Теперь, конечно, не бывает, чтобы кто-то пошел на богомолье, а через несколько дней воротился домой женатым человеком, не спросившись родных, без венца, но выправив бумагу в ратуше. А в старину так бывало.
Но прежде я расскажу вам, какая была в те времена жизнь, иначе вы не поймете, что за человек была Франтина.

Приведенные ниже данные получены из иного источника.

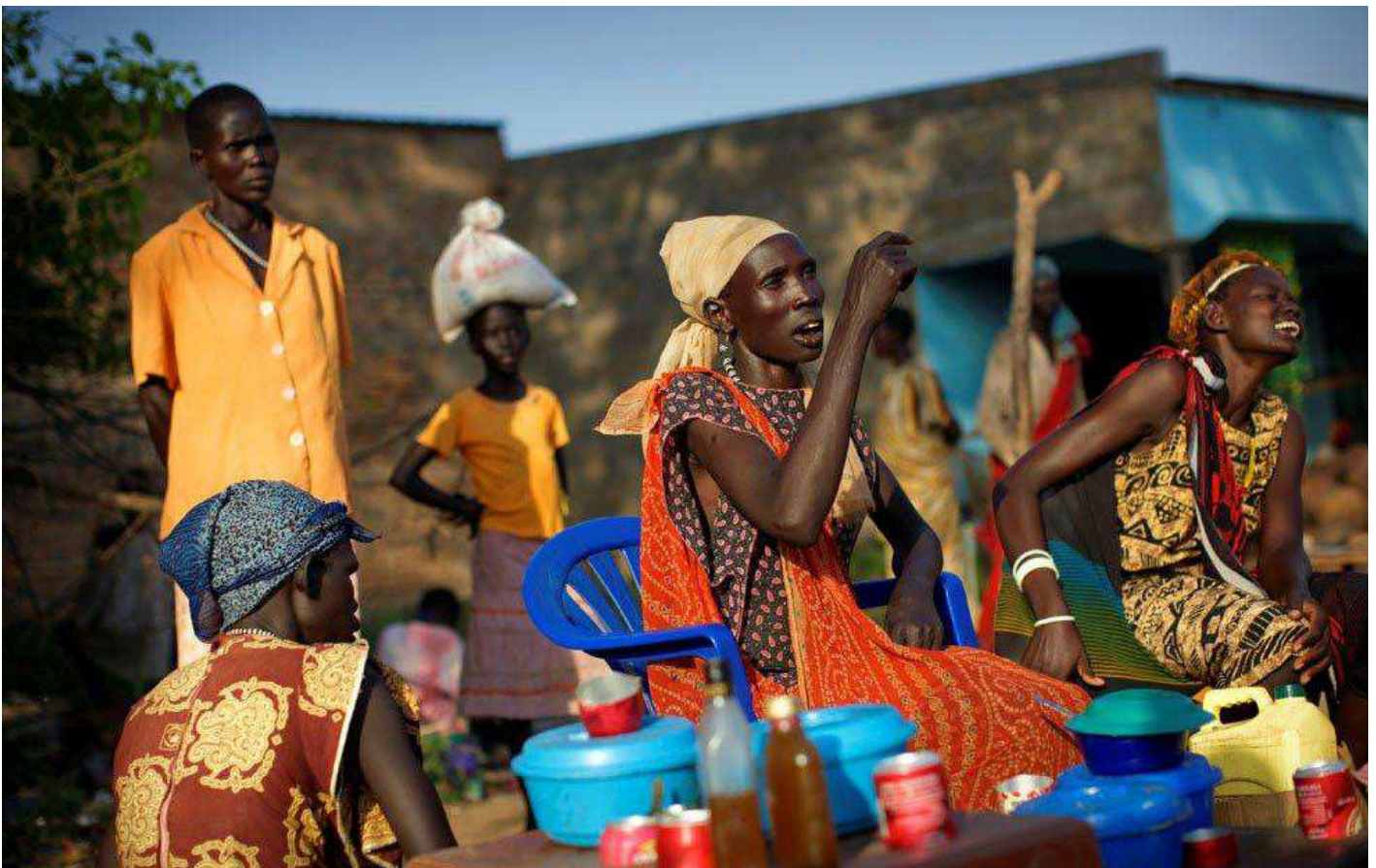
Women in a market in Lakes state.

The next section explores the literature on legitimacy, focusing on its sources in conflict and post-conflict settings. Section 3 covers the armed rebellion from 1983 to 2005, analysing the ideas and ideologies that the SPLM/A leaders adopted to mobilise support and examining processes and motivations for the development of governance structures and perceptions of these processes and practices. Section 4 traces continuities in governance practices into the post-CPA period and also examines sources of legitimacy from that time. The last section concludes.

Не было тогда ни в чем ни складу, ни ладу. Все позволялось, нигде никакого порядка. Ни священники, ни чиновные лица — никто не знал, что с ним завтра будет. Поговаривали, будто стоит принцу Иосифу сесть на трон, как он немедленно изгонит из страны всех попов, а другие говорили — чиновников, и народ будет управляться самостоятельно. У нас в медвежьем углу и подавно никто ничего не знал, Оттого-то и закрывали на все глаза священник и писаря наши, если удавалось им лишний крейцар себе в карман положить. Одни только крестьяне голову не ломали, они по опыту знали, что при любой власти им лучше не будет. Однако на сей раз ошиблись: ведь когда вступил на престол император Иосиф, все люди волю получили и при желании каждый мог со временем человеком стать.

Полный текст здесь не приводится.